Net::Z3950::DBIServer::Tutorial - The zSQLgate Tutorial
server$ mysql
mysql> create database books; mysql> use books; mysql> GRANT ALL PRIVILEGES ON books.* TO ""@"localhost"; mysql> CREATE TABLE author(id INT, name TEXT); mysql> INSERT INTO author(id, name) VALUES('1','Douglas Adams'); mysql> INSERT INTO author(id, name) VALUES('2','Stephen Notley'); mysql> INSERT INTO author(id, name) VALUES('3','Dave Barry');
server$ cat trivial.nzd
datasource = "DBI:mysql:dbname=books" database "artists" { table = "author" search attrset bib1 { access 12 = "id" access 1 = "name" } data format xml { record = "author" field "authorId" = "id" field "authorName" = "name" } }
server$ zSQLgate trivial.nzd @:3950
13:04:54-12/04 [server] Adding dynamic Z3950 listener on tcp:@:9999 13:04:54-12/04 [server] Starting server zSQLgate pid=28488 13:04:57-12/04 zSQLgate(1) [session] Starting session from tcp:127.0.0.1 (pid=28490) ...
client$ yaz-client @:3950
Z> base artists Z> find @attr 1=12 @attr 2=1 3 Number of hits: 2 Z> format xml Z> show 1+2 <author> <authorId>1</authorId> <authorName>Douglas Adams</authorName> </author> <author> <authorId>2</authorId> <authorName>Stephen Notley</authorName> </author>
This document is a tutorial for zSQLgate
, the Z39.50 server for
relational databases.
If you don't know what zSQLgate
is, then you should start by
reading
the Net::Z3950::DBIServer::Intro manpage
(the introduction to zSQLgate
) and
the Net::Z3950::DBIServer::LICENCE manpage,
(the licence under which it is available).

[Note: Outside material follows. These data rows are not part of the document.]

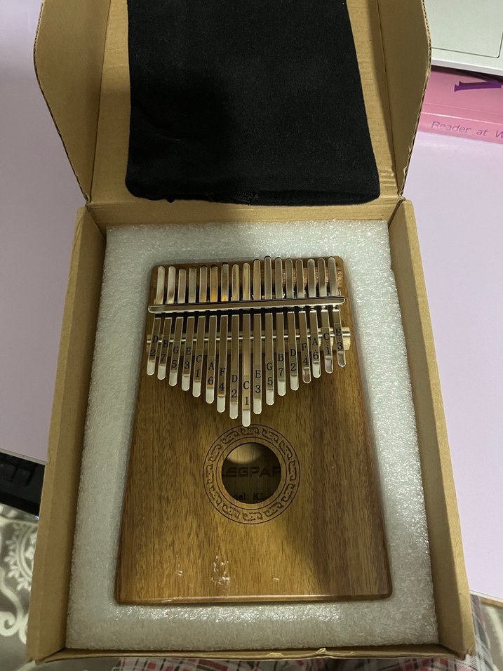 Koyu bej renkte ahşap kalimba, üzerinde not işaretli metal dilciklere ve siyah taşıma çantasına sahiptir.
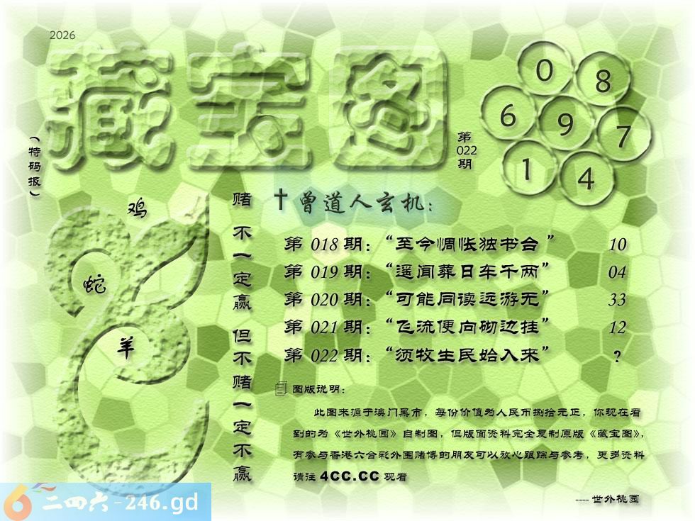 022期藏寶圖 新:须牧生民开入来 老:小君山上玉蟾生 禁:鼠 禁:5尾 玄機字:《靛》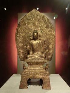 ← の釈迦牟尼佛座像は、北魏の時代のものだそうです。約1500年前の仏像。それがこれだけの完全なお姿で残っているとは。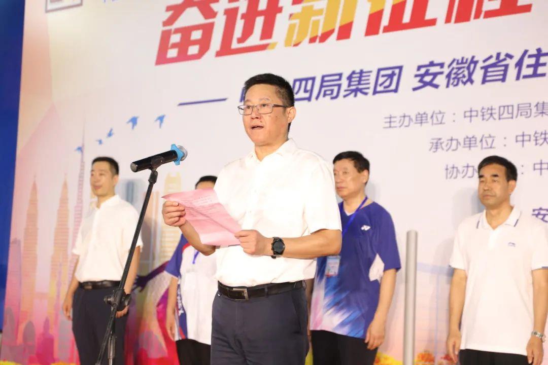 安徽省纪委监委驻省住建厅纪检监察组组长、住建厅党组成员刘长华,中铁四局集团党委副书记、工会主席邵刚,安徽省住建厅建设建材工会(厅文明办)主任 、一级调研员程德旺,安徽省住建厅建设建材工会四级调研员邱亮,中铁四局集团工程材料公司党委书记黄玉华,中铁四局集团工会生产保护部部长、体协秘书长占苏龙,中铁四局集团工程材料公司党委副书记、纪委书记、工会主席胡士勇等领导出席开幕式。中铁四局工会副主席陈海如主持开幕式。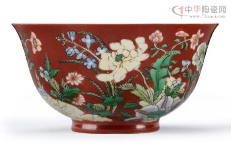 当前拍卖市场中清三代瓷器的价格已远远超过宋代官窑中的定窑和钧窑,特别是雍正,可以说是达到了登峰造极的地步。本场盈时相当难得集齐清三代代表官窑之重器,件件珍罕,包括了清.康熙年制珊瑚红地五彩九秋同庆图御制碗,康熙后期清宫彩瓷一改前期雄丽苍劲之风格,特别在吸纳西洋技艺之后,彩料细腻柔和,气息婉约清新,以致名品迭出,焕发彩瓷魅力之新姿采,下启雍干华丽彩瓷之先声。此种御制珊瑚红地五彩花卉纹碗即为其中一例典型的代表,雍乾嘉三朝皆沿袭烧造,其工艺、绘画技法甚至对珐琅彩都产生了深远的影响,为康熙时期清宫御瓷之精品佳作。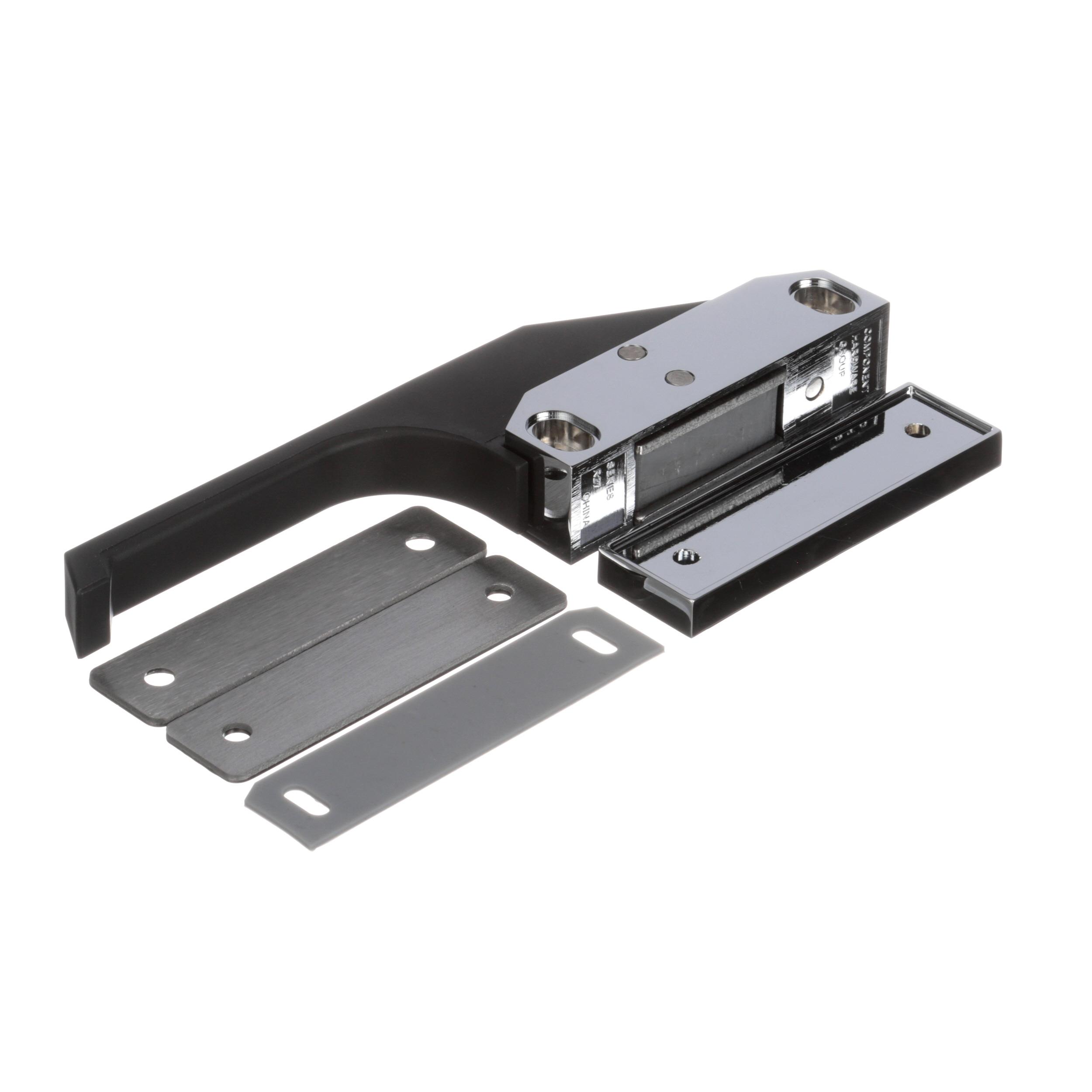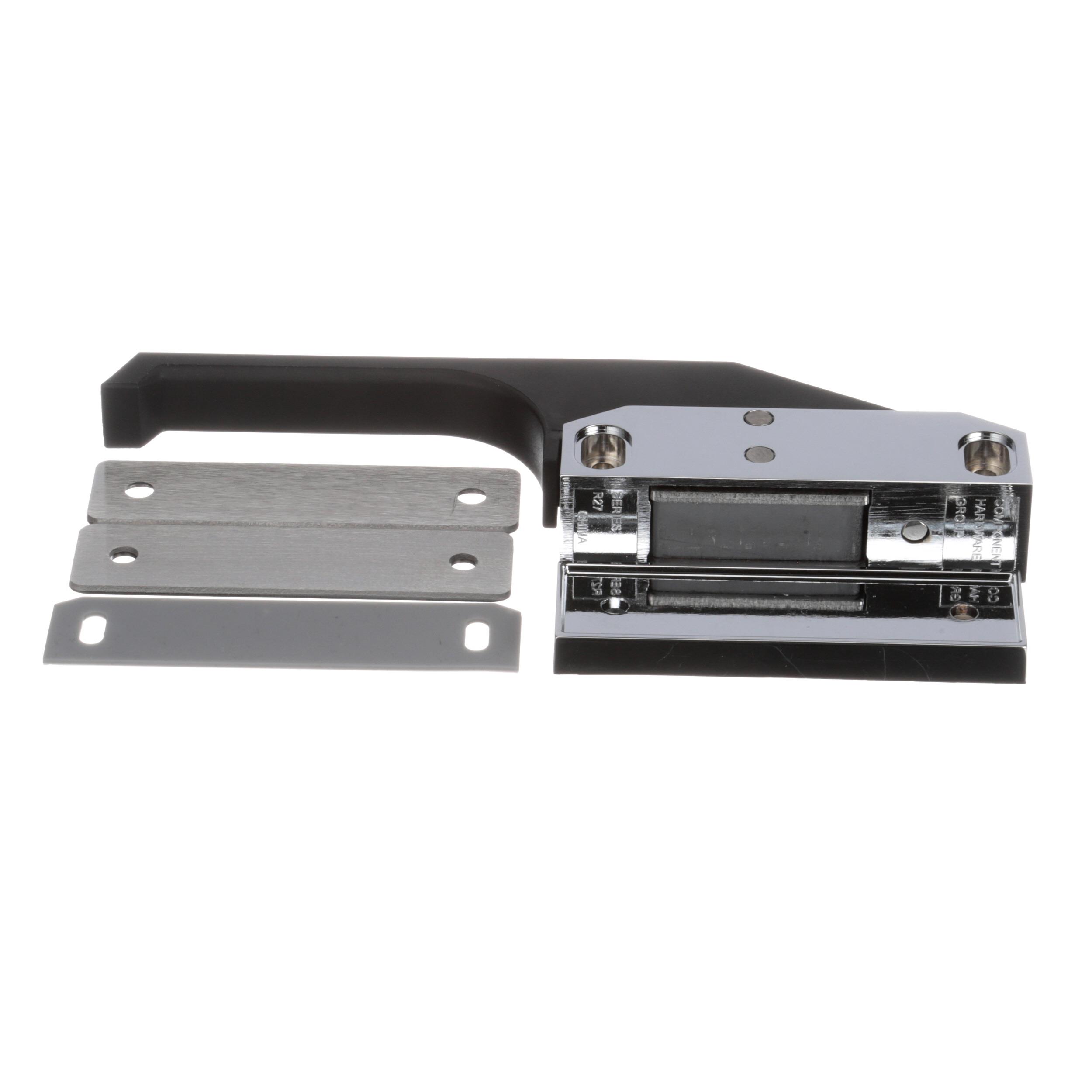 - 8-1/4" L Chrome Plated Die Cast Magnetic Edgemount Latch With Offset Black Heat-Resistant Plastic Handle And Ceramic Magnet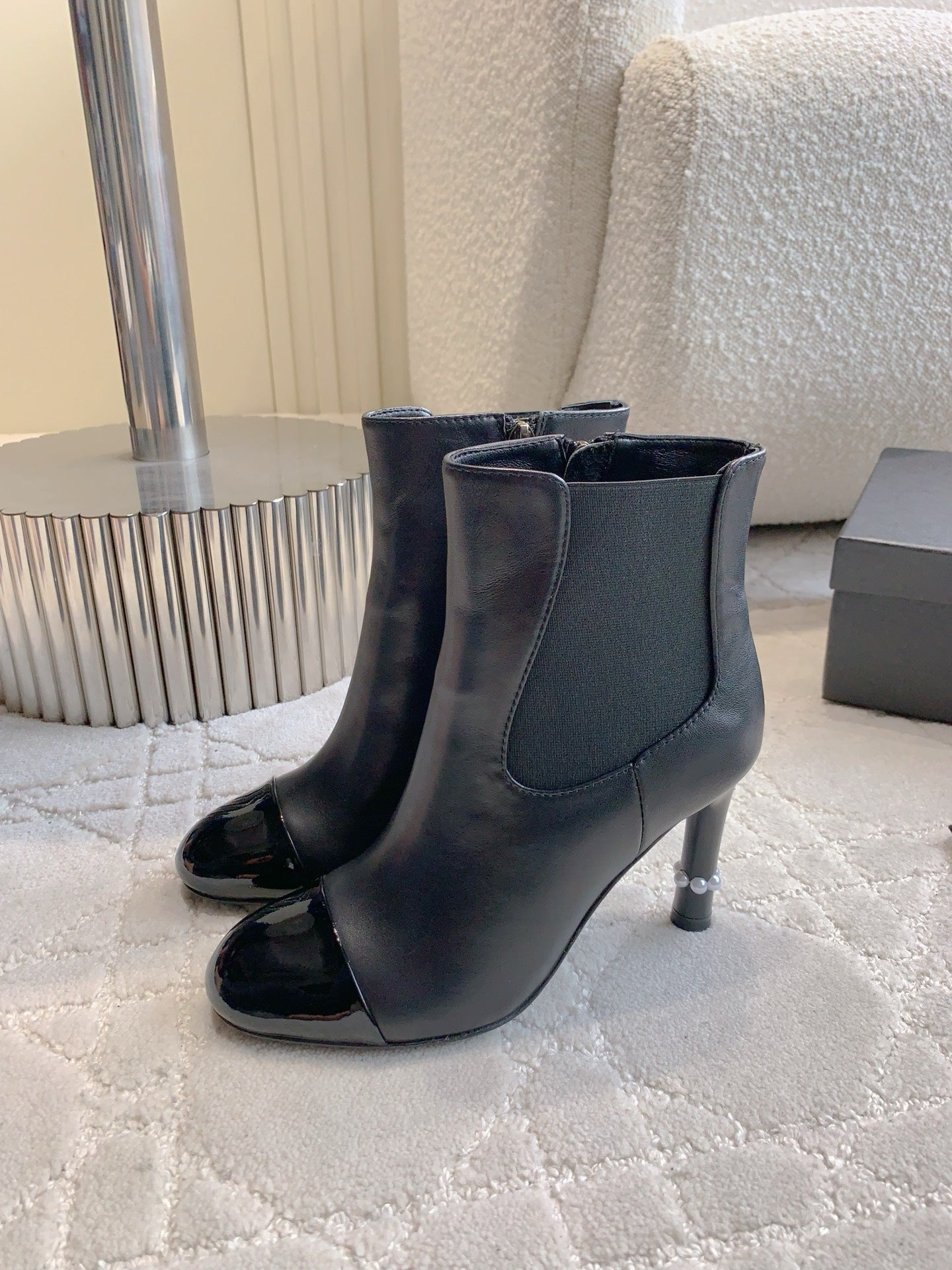 CC 25 Pearl Heel Boot Black Calfskin 516653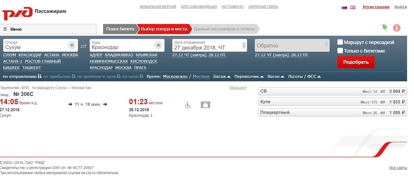 - Отправление от железнодорожной станции «Сухум» в 14:05 (время местное). В столице Кубани вы будете через 11 часов и 20 минут. ЖД станция в этом населенном пункте называется «Краснодар 1».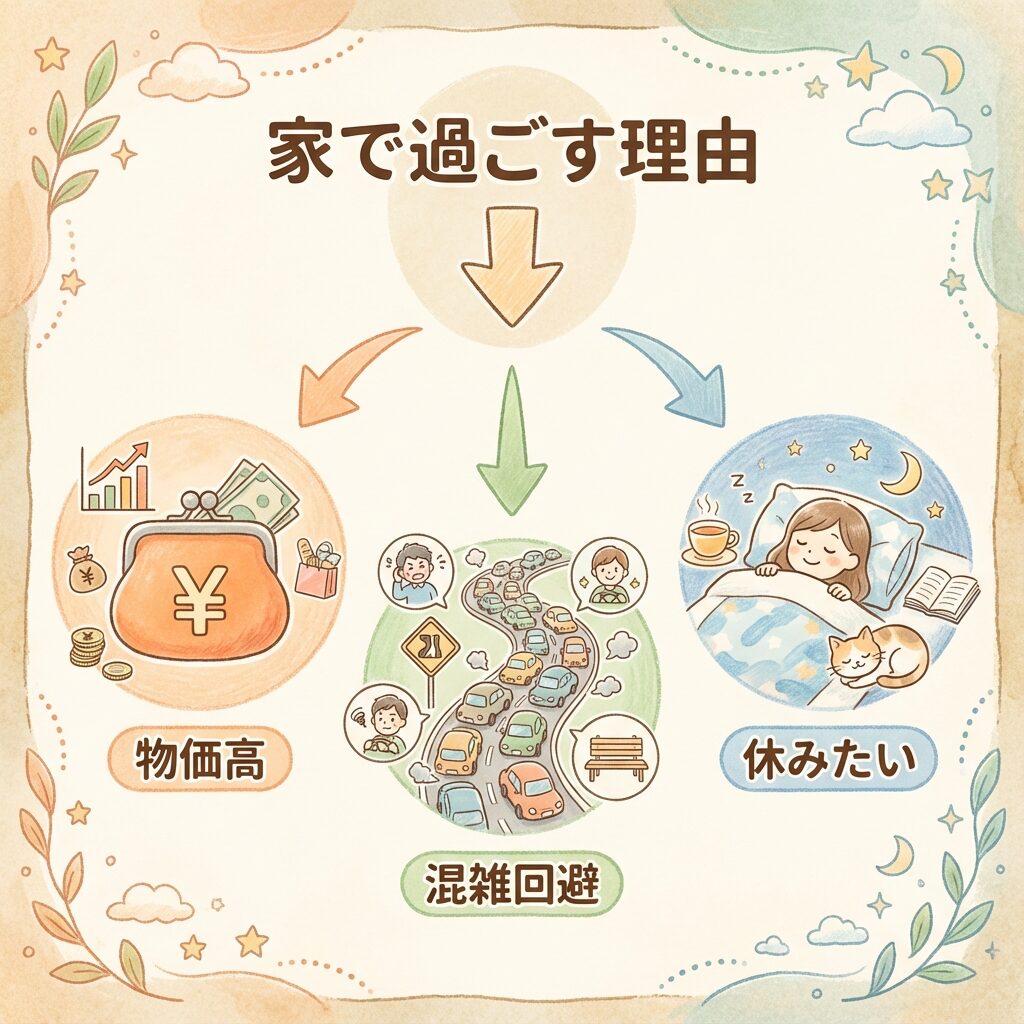 - 物価高・混雑回避・疲労回復の3つが「出かけない」理由

This tutorial informally walks through the main features of
zSQLgate
, and for many people will be the only part of the
zSQLgate
documentation that they ever read. That's fine - much of
what you need to know will be here. But please be aware that some of
the more esoteric features will not be discussed here: if you don't
find what you want, you may need to dig into two more rigorous
documents that are supplied with this tutorial:
zSQLgate
at run-time.
the Net::Z3950::DBIServer::Spec manpage
describes the zSQLgate
configuration file format in more detail
than this document, explaining the precise meaning of its various
directives.
In general, those two documents describe the sorts of things you can
say to zSQLgate
and what they mean - but this one explains why you
might want to say those things. The reference documents are there to
answer what questions; this tutorial aims to tell you how.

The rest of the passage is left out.